Обе эти идеи находятся в глубинной связи, поэтому их одновременное появление не было случайным. Шкловский был знаком с Кулешовым, судя по косвенным данным, с начала 1920-х годов[222], в 1920-х — начале 1930-х был соавтором сценариев для ряда его фильмов. Но важны здесь не биографические обстоятельства (тем более что, по-видимому, в 1917 году критик и режиссер все же не были знакомы между собой), а тот факт, что остранение и монтаж стали центральными понятиями новаторских движений и в советском искусстве, и в гуманитарной мысли — а именно в формалистских (морфологических) теориях 1920-х годов. Галин Тиханов и Илья Калинин уже писали о том, что в научных и художественных текстах формалистов остранение связано с мотивами фрагментации и разрушения[223]. Калинин полагает, что вся система эстетических взглядов раннего Шкловского предполагает восприятие нарратива как произвольного, импровизационного коллажа[224]. Но остранение связано с монтажными приемами и более непосредственным образом, а не только тем, что и коллажирование, и остранение, и идея импровизации, как полагает Калинин, восходят к представлению об искусстве как танце и акробатике, которое, в свою очередь, восходит к произведениям Ницше. Для того, чтобы проследить эту непосредственную связь более подробно, необходимо вновь проанализировать аргументацию работы Шкловского 1917 года.

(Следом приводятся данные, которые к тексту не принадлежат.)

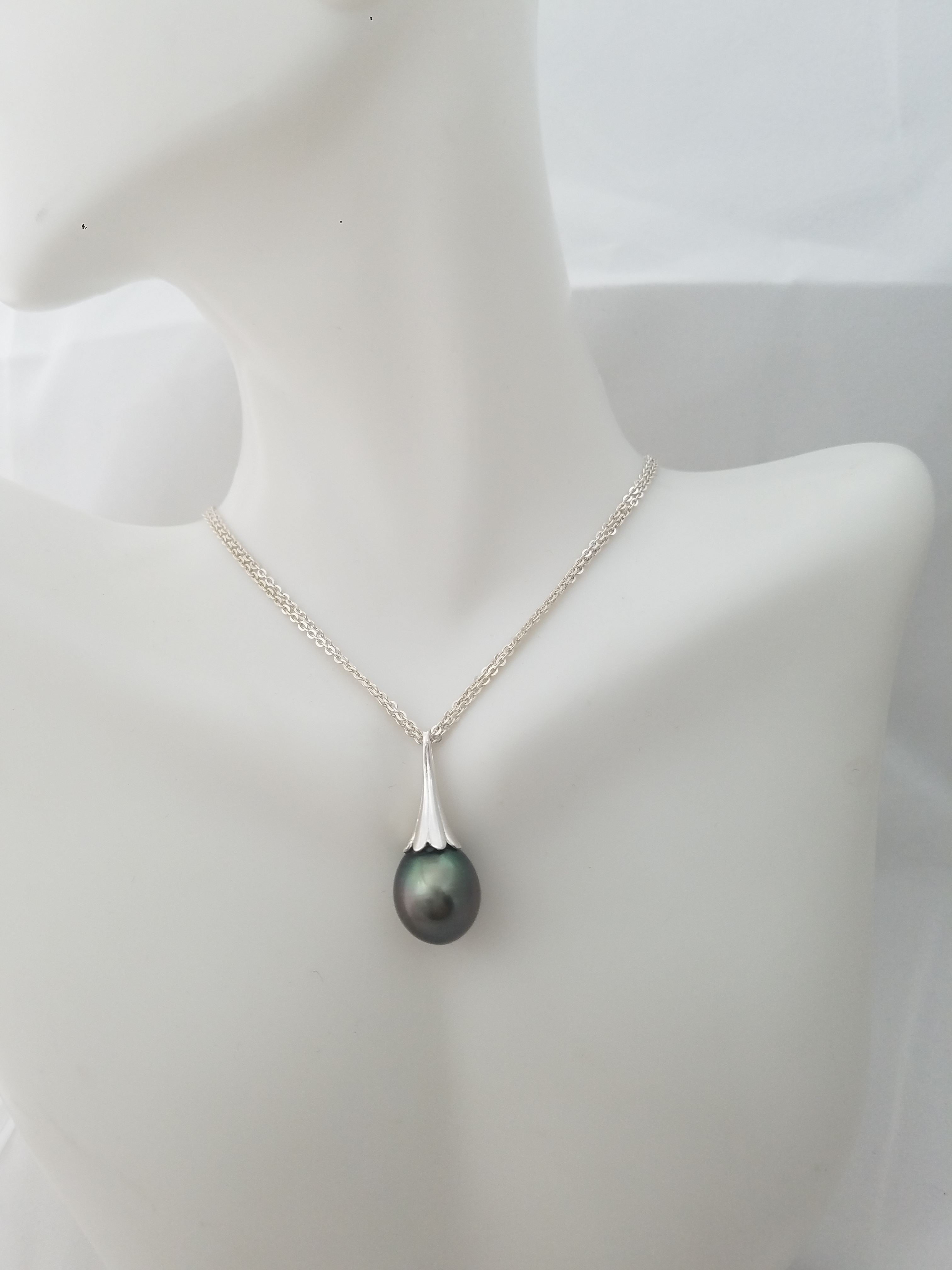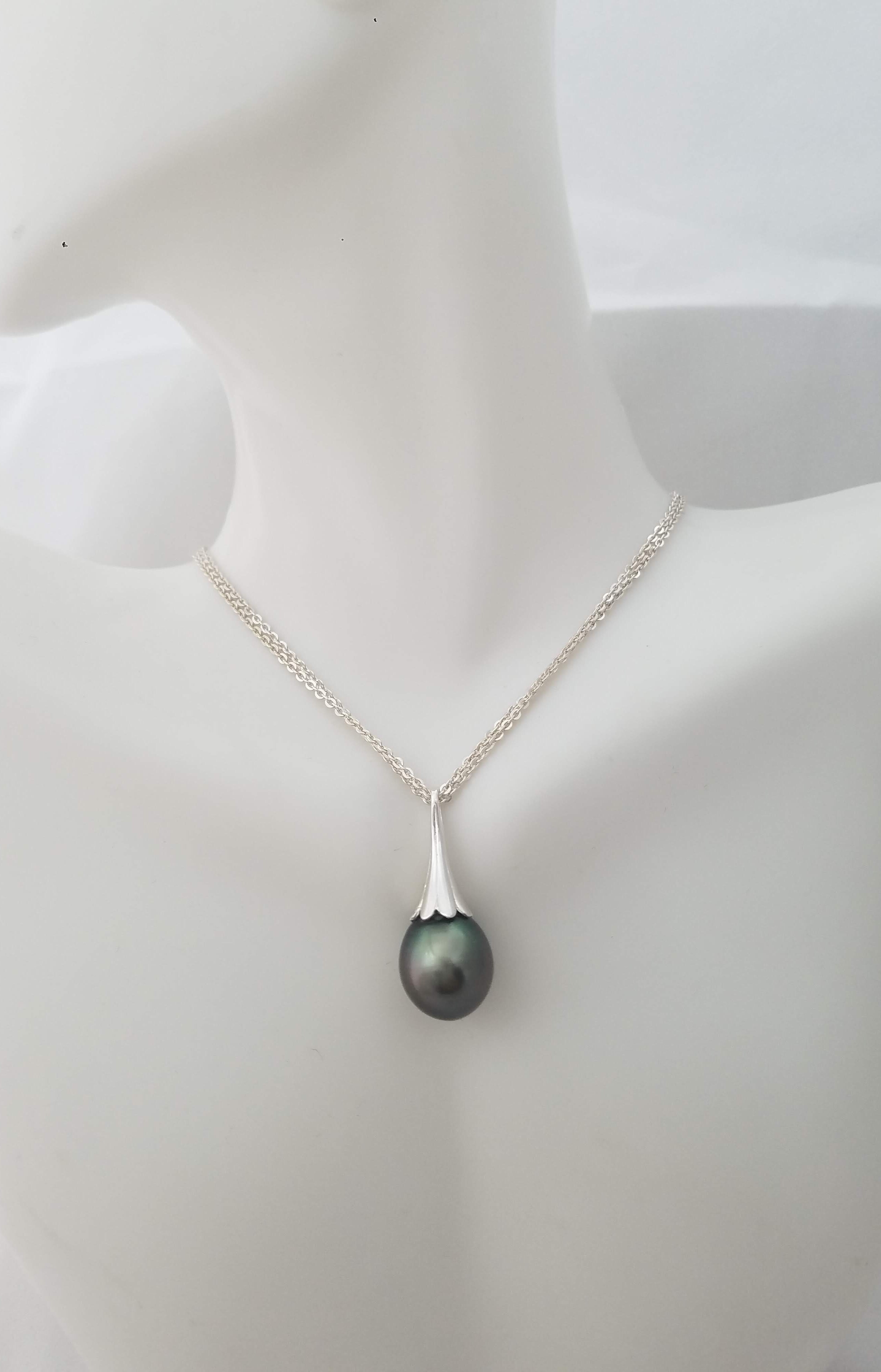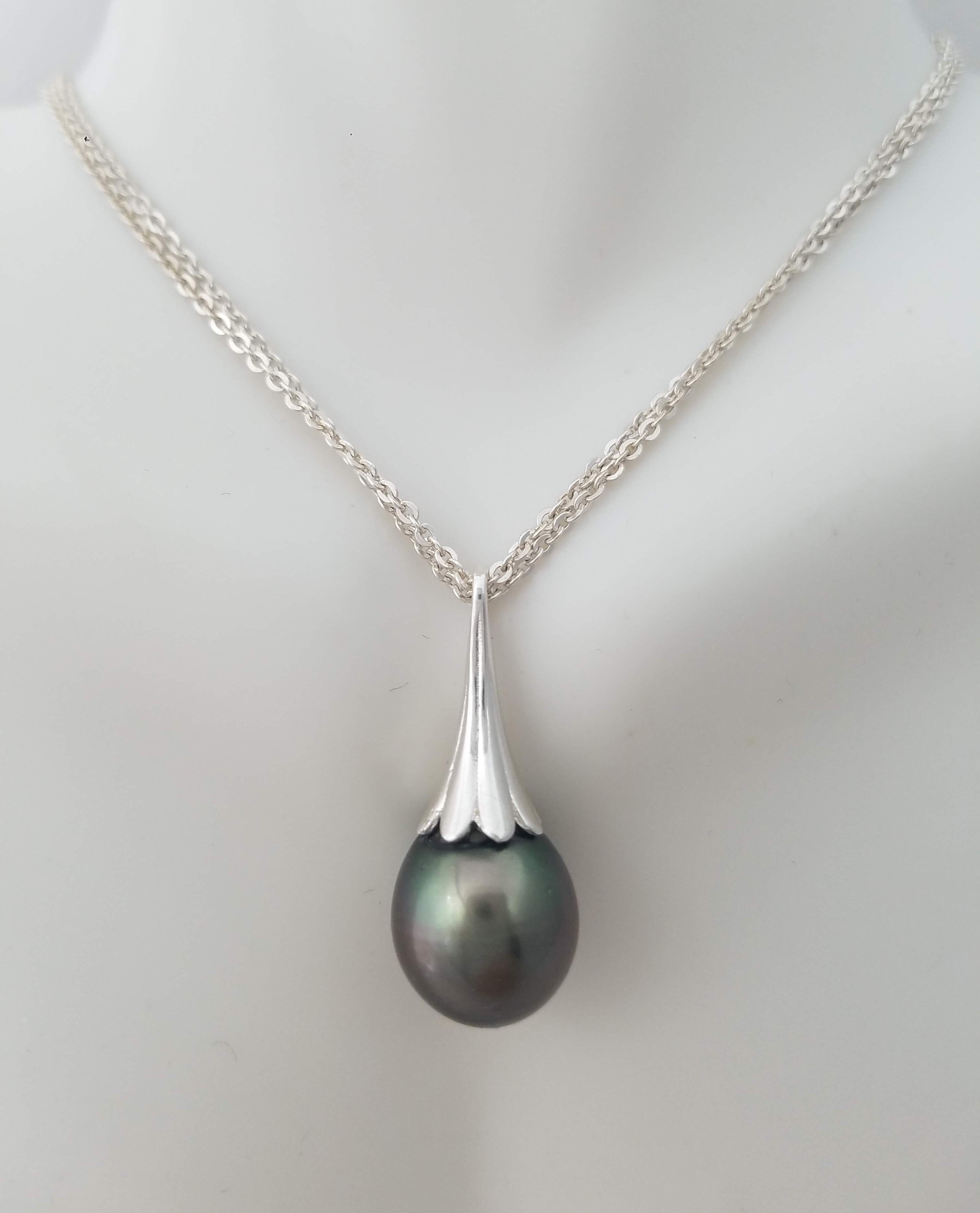 Oval Tahitian pearl on Sterling Silver flower bail
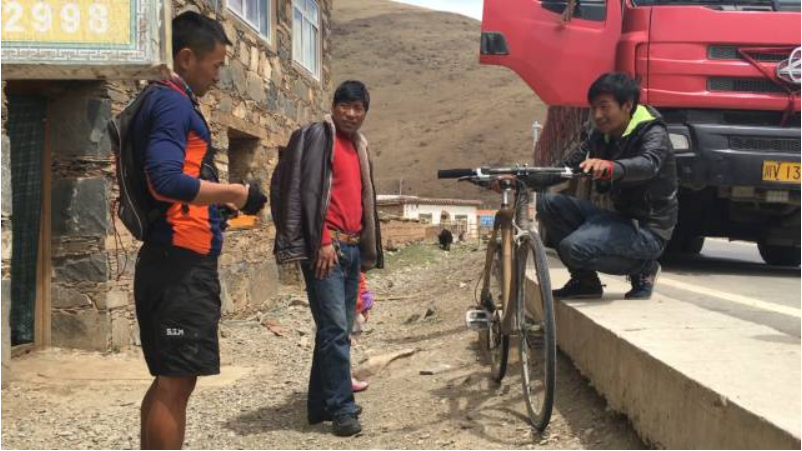 ▲试骑竹子单车的藏民们 5月3日,阿布从成都出发。
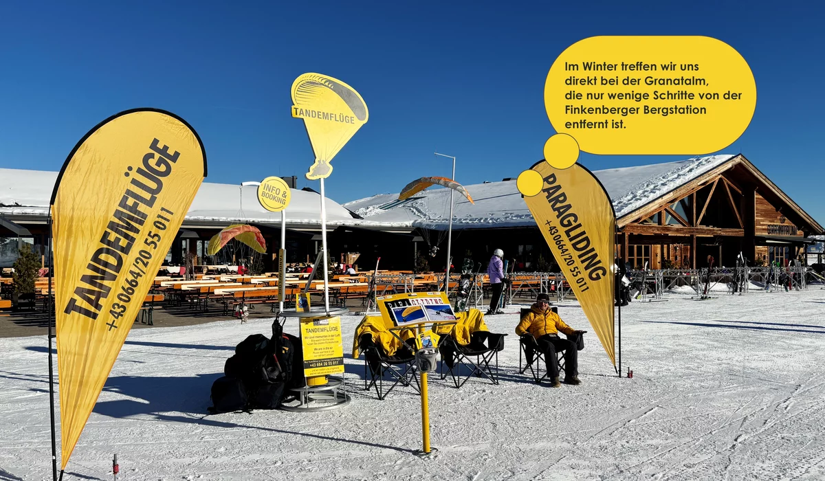 Treffpunkt im Winter bei der Granatalm (Finkenbergerbahn am Berg)
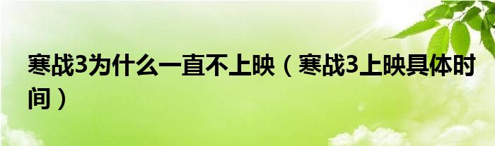 最佳答案关于寒战3为什么一直不上映,寒战3上映具体时间这个很多人还不知道,今天菲菲来为大家解答以上的问题,现在让我们一起来看看吧!1、《寒战》是由安乐影片有限公司、万诱引力电影公司、银都机构有限公司、Stars Shine Blue Sea Productions联合制作的一部动作剧情片于2012年11月8日在中国首映。2、该...
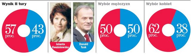 Wielu widzi wynik Kwaśniewskiej jako zapowiedź awansu kobiet w polskiej polityce. Ale gdyby rzeczywiście istniała taka zależność, już po poprzednich wyborach prezydenckich powinniśmy dostrzec większych udział kobiet w polityce. Tymczasem stało się coś dokładnie odwrotnego – doszło do gwałtownej maskulinizacji stylu uprawiania polityki. Owszem, Platforma Obywatelska wprowadziła do Parlamentu Europejskiego bez porównania więcej kobiet niż którakolwiek z polskich partii, ale ile z nich należało wcześniej do Platformy i awansowało w strukturach tej partii? I dlaczego najbardziej znaną posłanką Platformy pozostaje Joanna Mucha?
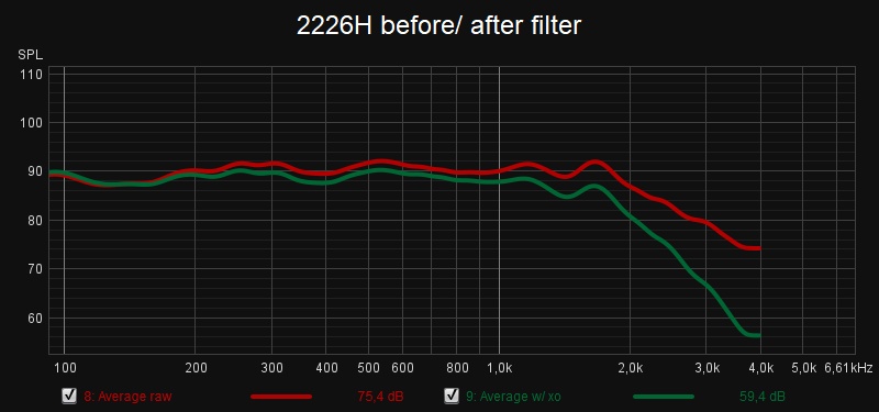 Made some measurements of the woofer before and after crossover. I got less noise when I laid the speakers on the floor. Called the guy who sold the woofers, and he insisted they were originals. He put his pride in this and said he had newer sold drivers with aftermarket recone kits. Made three measurements, with and without crossover on 0,25m, 0,5m and 0,75m distance. Averaged the three measurements for each case. It is smoothed 1/12 and has not got the resolution you get outdoors, but the general shape and location of the dips/peaks are consistent. Standing measurements show more or less the same. It is more useful to show the effect of the xo.
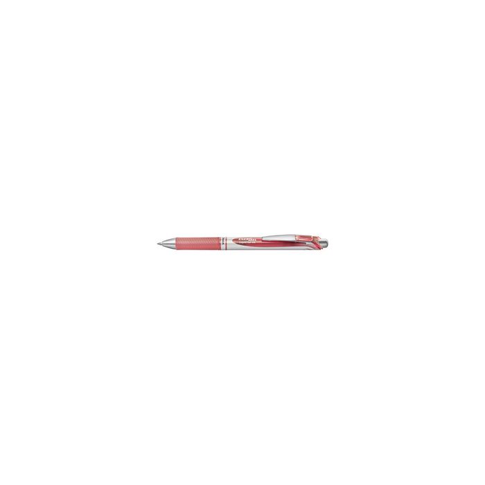 Pentel Stylo roller encre gel Energel BL77, corail largeur de tracé: 0,35 mm, diamètre de la bille: 0,7 mm grip confortable et clip en métal, mécanisme à pression couleur de corps: argent/bleu, rechargeable avec la mine LR7(BL77-P3X)
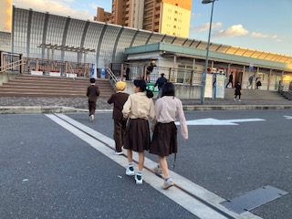 京田辺PAでトイレ休憩を済ませ、学校に向かって出発しました。道が混んでいなければ、50分くらいで到着です。
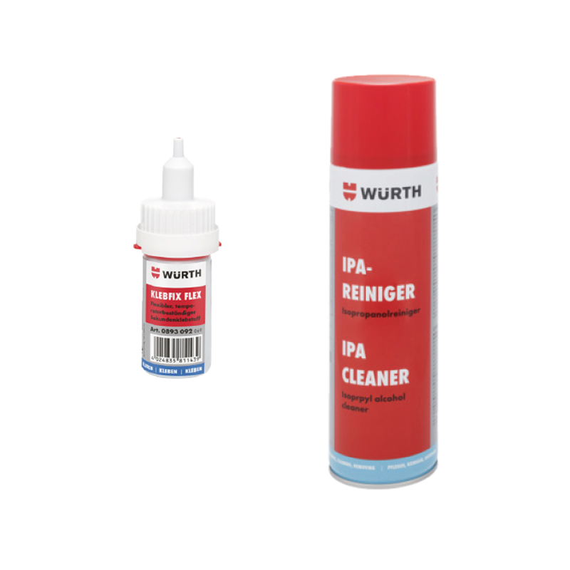 Set za močno in prožno lepljenje, ki vključuje sekundno lepilo in večnamensko izopropilno alkoholno čistilo za pripravo in čiščenje površin pred lepljenjem.
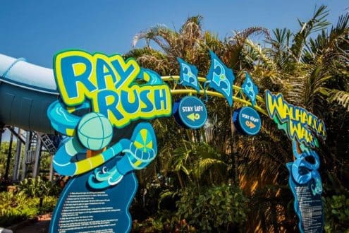 Com quase 20 metros de altura, a Ray Rush é onde os grupos de amigos e famílias podem se divertir em três experiências emocionantes diferentes, ao deslizar, se molhar e flutuar como nunca antes. Primeiro, os visitantes serão lançados a uma velocidade de 36 km/h por jatos de água, que impulsionarão as boias para a primeira de muitas seções de tubos fechados.
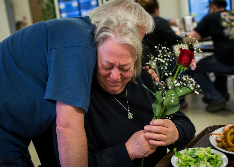 Read moreDella Joseph, a coach driver helping residents of Fort McMurray escape the raging wildfires, breaks down while receiving a Mother’s Day rose from a thankful Albertian while staying at a camp in Wandering River, Alberta, on May 8, 2016. #
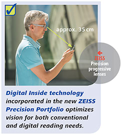 “Adults check their mobile phones an average of 100 times per day, and many spend up to nine hours per day viewing some kind of digital screen. This means that to provide outstanding all-day vision, progressive designs must help patients view their digital devices without strain.” — ULI KRAUSS, president and CEO of ZEISS Vision Care North America
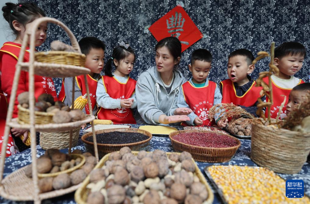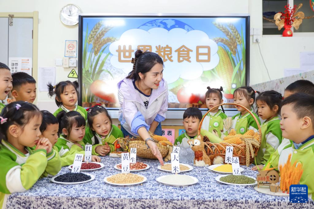 10月14日,浙江省湖州市吴兴区东林镇中心幼儿园的老师带着孩子们开展世界粮食日主题课程,了解各类粮食知识。
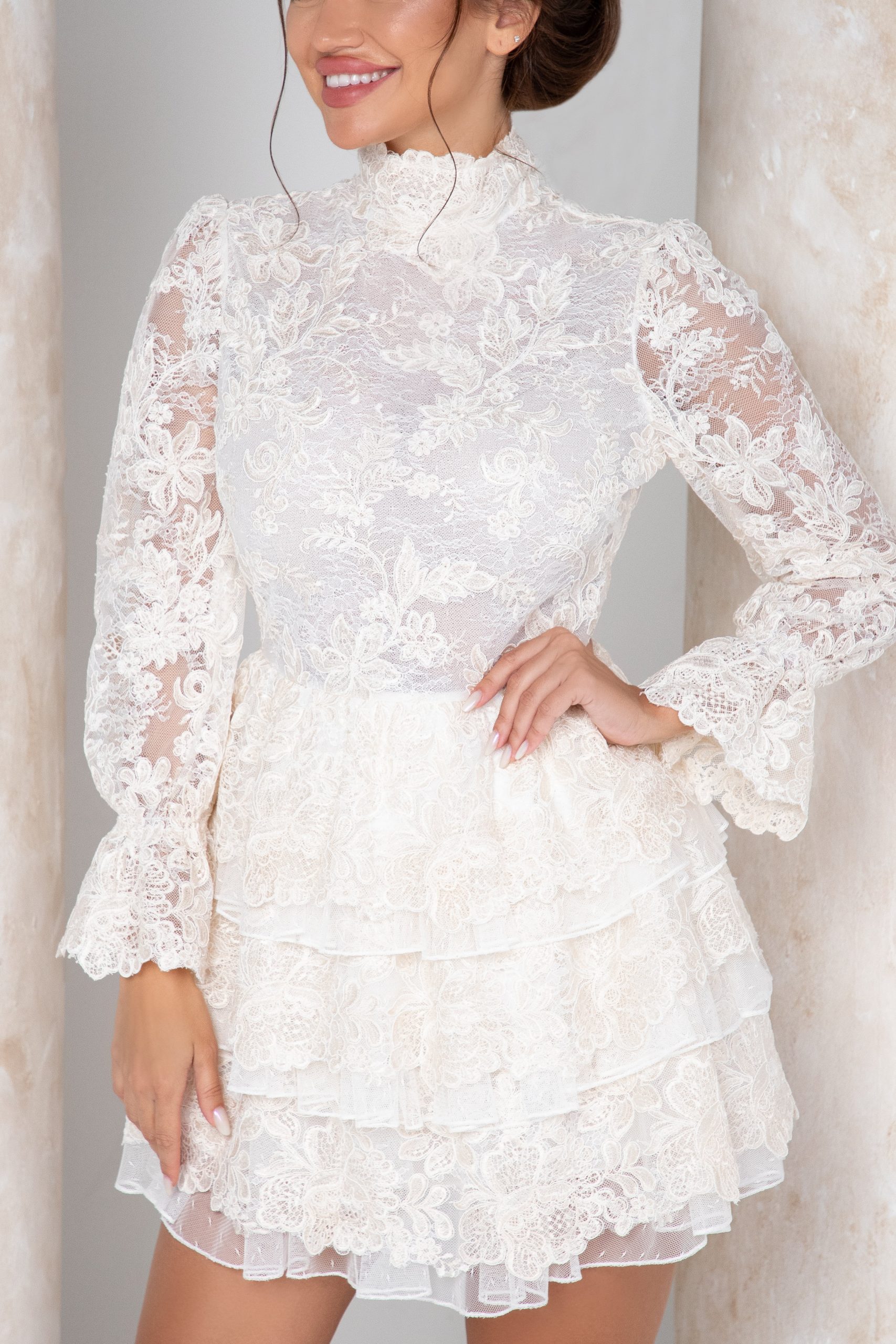Introducing our exquisite short layers dress, a masterpiece of timeless elegance and luxurious craftsmanship. This dress features long sleeves and is adorned with intricate handmade embroidery on the finest French lace. The cream white color palette enhances its sophisticated appeal, making it the perfect choice for any special occasion. Every detail of this dress is designed to exude opulence, from the delicate layers that create a graceful silhouette to the meticulous embroidery that adds a touch of artisanal charm. Embrace a look of refined luxury with this stunning piece, crafted to make you feel truly extraordinary.
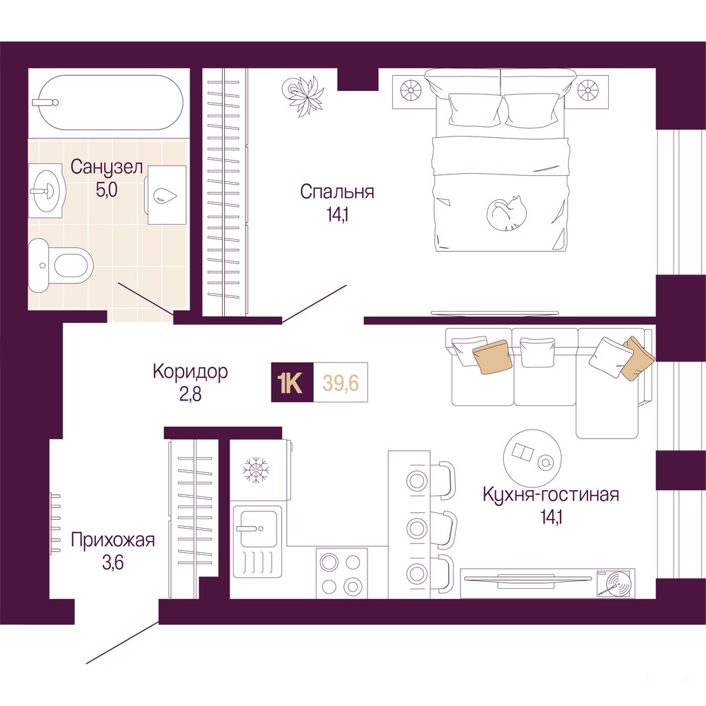 Просторная однокомнатная квартира с предчистовой отделкой в ЖК "ИДЕЛЬ. Квартал на Сенной" на 2 этаже. Общая площадь: 39.6 кв.м., жилая: 14.1 кв.м., площадь просторной кухни-столовой: 14.1 кв.м. Все окна выходят на одну сторону. В квартире один совмещенный санузел. Высота потолков 3.0 м.

В статье «Искусство как прием» есть странное противоречие. Автор пишет, что остранение необходимо, чтобы «…вернуть ощущение жизни, почувствовать вещи, для того, чтобы делать камень каменным». Однако изменение образа, которое описывает Шкловский, не возобновляет прежнее, ранее стертое переживание, а принципиально меняет его содержание. В качестве примеров Шкловский приводит описание социальных отношений, театра и религиозного таинства в прозе Льва Толстого и аллегорические обозначения половых органов в фольклорных текстах. В обоих случаях смысл описываемых явлений принципиально смещается: Толстой показывает условность и бессмысленность социальных конвенций и институтов, а сексуальные отношения в цитируемой Шкловским русской былине «Ставр Годинович» предстают как эстетизированная игра:

«Помнишь, Ставер, памятуешь ли,

Как мы маленьки на улицу похаживали,

Мы с тобой сваечкой поигрывали:

Твоя-то была сваечка серебряная,

А мое было колечко позолоченное?

Я-то попадывал тогды-сегды,

А ты-то попадывал всегды-всегды?»[225]

Воспользуемся метафорикой Шкловского — в результате такого переосмысления камень становится не совсем каменным, но отчасти еще и деревянным. Получается, что остранение исполняет не ту функцию, которую приписывал ему автор статьи «Искусство как прием».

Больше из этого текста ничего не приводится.